Raziel suggested we wait until the angel left the restaurant and decide our next action. So, I sat down, leaning up against the wall, breathless. When I was in a relatively comfortable sitting position, I ensured I was facing the cafe's front doors. That severe reaction my body and soul had endured wholly fortified my choice. Never again would I even think of ways to kill the angel, nor would I actually do it.

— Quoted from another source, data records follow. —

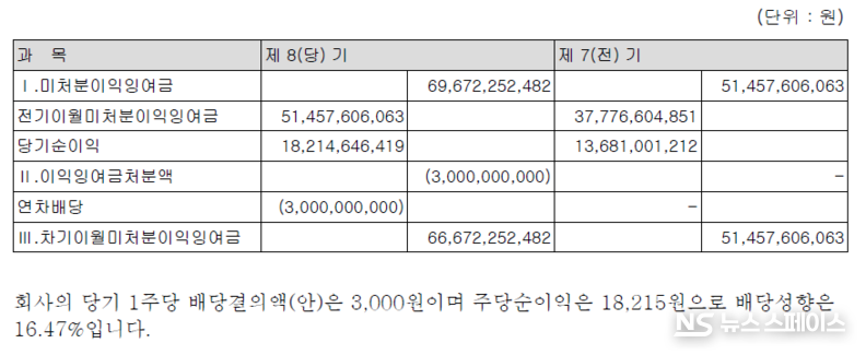 이익잉여금처분계산서에 따르면, 회사는 2025년 결산 기준 연차배당금 30억원(1주당 3,000원)을 결의했다. 배당성향은 16.47%다. 주목할 점은 자본금 구조상 발행 주식 100만주 전량이 "김인규(대표이사) 외 특수관계자"(지분율 100%)에게 귀속되어 있다는 사실이다.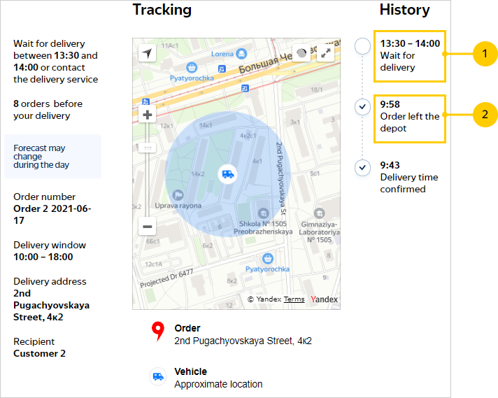 The delivered order widget displays the order and recipient data and the tracking history with significant route points.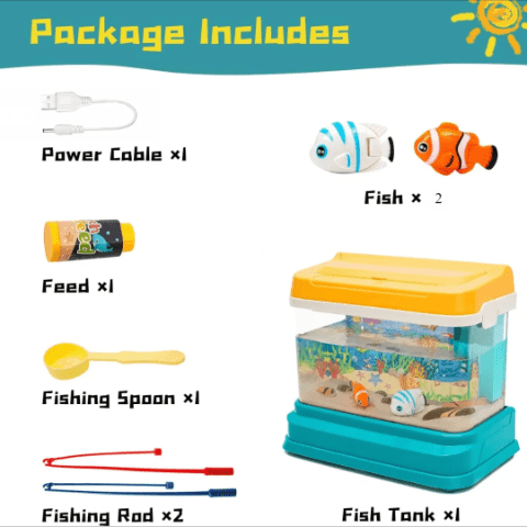 Setul include acvariu, doi pești, două undițe, hrănitoare, cablu USB și linguriță de pescuit.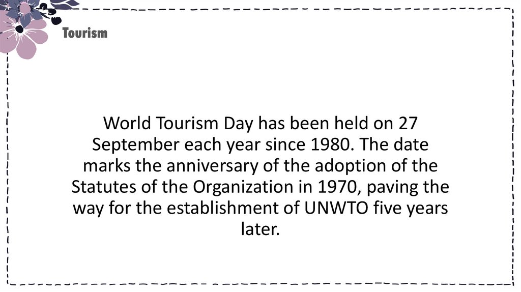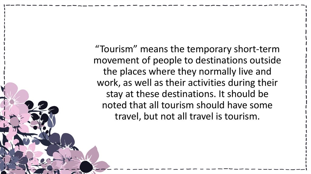 “Tourism” means the temporary short-termmovement of people to destinations outside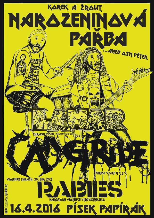 RABIES – noise/violence/hardcore, Vltavotýnsko http://bandzone.cz/ rabiesvzteklina Jako první zřejmě odstartují večírek kolem 20 hodiny RABIES. Komando noise/violence /hardcore nadšenců z Vltavotýnska. Jejich noisecore začátky jsou datovány rokem 1996, tedy před 20 lety. Neskutečný!!! Na svém kontě mají kolem 40 releasů, ...převážně na nejrůznějších splitech , kompilačkách a 7“ vinylech a to s kapelami z celého světa (např. s Kolumbijcema CHULO nebo Španělákama Disturbance Project a nebo také s ČAD). Všechno striktně v duchu D.I.Y. Pamětníkům z Paluby není nutno představovat. Kdo neviděl žádnou Sykyho fotku nebo nečetl Šakalovo Noise master zine, jako by nebyl. Třešnička z Lahar archivu na závěr: Poprvé spolu hráli Lahar a Rabies (a zároveň i Gride)v Berouně 26.7.2003.

The mission didn't matter to me anymore.

How could it?

The more I thought about how I felt, the more I realized that my heart wasn't in it. What I really wanted to do was get to know this beautiful, mysterious, and angelic woman. Honestly, I missed the calm feeling and abundant warmth she gave me when I saw her last. I didn't care that I had no idea why I felt that way; I just wanted to embrace that incredible emotion and feeling again. I even looked back on all my past interactions with other women to see if they compared. I included those with whom I shared more intimate relations, and nothing came close to giving me a similar sensation...

It was absolutely mind-boggling how deep these feelings in me ran when I didn't even know this angel's name. When we finally meet, I hope she can look past who and what I am—the evil below the surface...

I wanted a chance to understand what was happening to me and what she seemed to be a crucial part of.

While we waited, I was honest with Raziel and told him exactly what I felt and wanted to do. Without hesitation, he was by my side and agreed that my decision was best; he'd follow me anywhere.

Our bonds and trust showed true.

After nearly two hours, it seemed like they were closing down the restaurant. The angel turned off the lights while her friend waited at the door to lock it up. After saying their goodbyes, her friend entered a nondescript car while the angel walked down the street in the opposite direction. I wanted to keep my distance but needed to follow her to see her life in every aspect. When she retired for the evening, Raziel and I stayed relatively close to her scent, finding an abandoned church to rest in for the night.

The most shocking part was that neither he nor I were struck down upon entering a holy place. My father always instilled that anything related to our archnemesis would severely harm us in unimaginable ways and could lead to death. Interestingly enough, I realized the more I learned about life on Earth, the more wrong and misguided my father was. Sadly, I was pretty sure he wanted it that way, to scare me into submission, to control me.